**Record set**

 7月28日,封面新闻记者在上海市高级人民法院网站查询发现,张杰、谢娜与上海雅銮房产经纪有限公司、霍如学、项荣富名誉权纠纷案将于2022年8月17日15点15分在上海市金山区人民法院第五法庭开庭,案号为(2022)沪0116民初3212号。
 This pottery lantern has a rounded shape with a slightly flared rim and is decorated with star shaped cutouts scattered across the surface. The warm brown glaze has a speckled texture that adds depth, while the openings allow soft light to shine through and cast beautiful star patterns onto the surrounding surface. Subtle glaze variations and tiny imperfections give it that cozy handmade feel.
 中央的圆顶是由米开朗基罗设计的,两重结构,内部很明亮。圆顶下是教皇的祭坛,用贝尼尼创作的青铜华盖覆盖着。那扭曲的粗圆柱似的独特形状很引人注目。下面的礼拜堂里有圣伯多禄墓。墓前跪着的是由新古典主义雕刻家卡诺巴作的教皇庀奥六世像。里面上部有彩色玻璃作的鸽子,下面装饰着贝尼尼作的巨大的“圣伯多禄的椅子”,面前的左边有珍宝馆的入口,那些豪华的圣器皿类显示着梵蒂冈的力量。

--

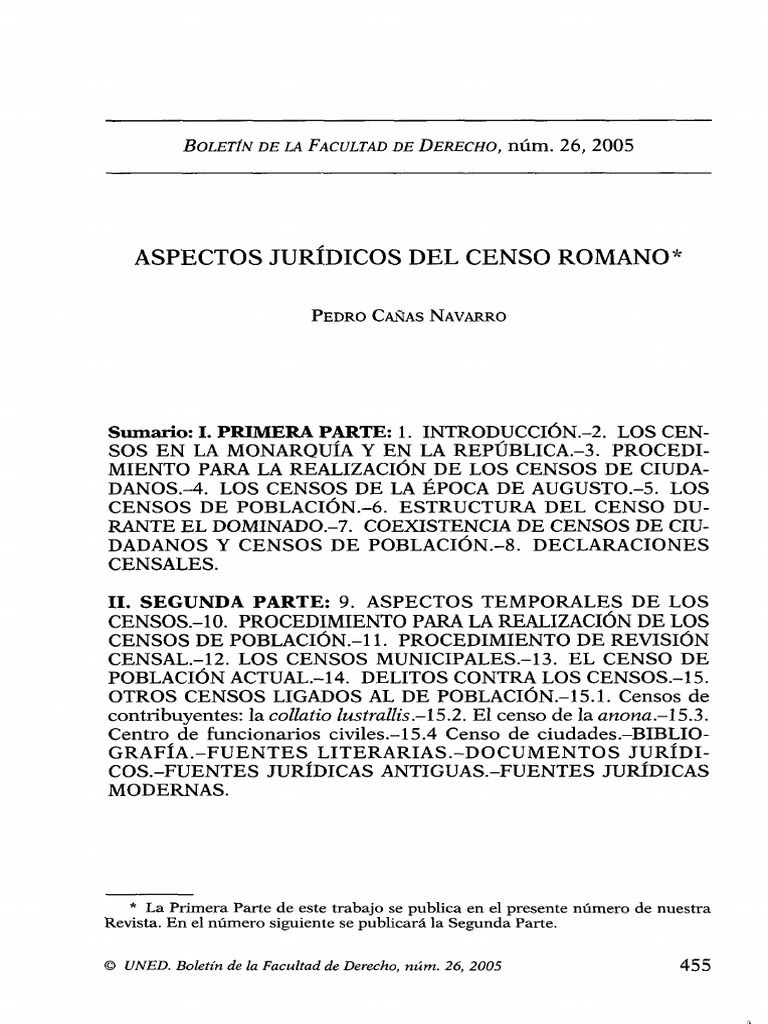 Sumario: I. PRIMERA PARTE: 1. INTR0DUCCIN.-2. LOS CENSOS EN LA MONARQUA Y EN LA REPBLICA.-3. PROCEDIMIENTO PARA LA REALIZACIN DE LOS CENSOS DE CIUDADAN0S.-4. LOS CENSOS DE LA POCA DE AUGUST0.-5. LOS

**Exercise**
Above are the entries. Output exactly the lines beginning with the line that has "7月28日,封面新闻记者在上" and ending with the line that has "中央的圆顶是由米开朗基罗设计".

**Finished exercise**
 7月28日,封面新闻记者在上海市高级人民法院网站查询发现,张杰、谢娜与上海雅銮房产经纪有限公司、霍如学、项荣富名誉权纠纷案将于2022年8月17日15点15分在上海市金山区人民法院第五法庭开庭,案号为(2022)沪0116民初3212号。
 This pottery lantern has a rounded shape with a slightly flared rim and is decorated with star shaped cutouts scattered across the surface. The warm brown glaze has a speckled texture that adds depth, while the openings allow soft light to shine through and cast beautiful star patterns onto the surrounding surface. Subtle glaze variations and tiny imperfections give it that cozy handmade feel.
 中央的圆顶是由米开朗基罗设计的,两重结构,内部很明亮。圆顶下是教皇的祭坛,用贝尼尼创作的青铜华盖覆盖着。那扭曲的粗圆柱似的独特形状很引人注目。下面的礼拜堂里有圣伯多禄墓。墓前跪着的是由新古典主义雕刻家卡诺巴作的教皇庀奥六世像。里面上部有彩色玻璃作的鸽子,下面装饰着贝尼尼作的巨大的“圣伯多禄的椅子”,面前的左边有珍宝馆的入口,那些豪华的圣器皿类显示着梵蒂冈的力量。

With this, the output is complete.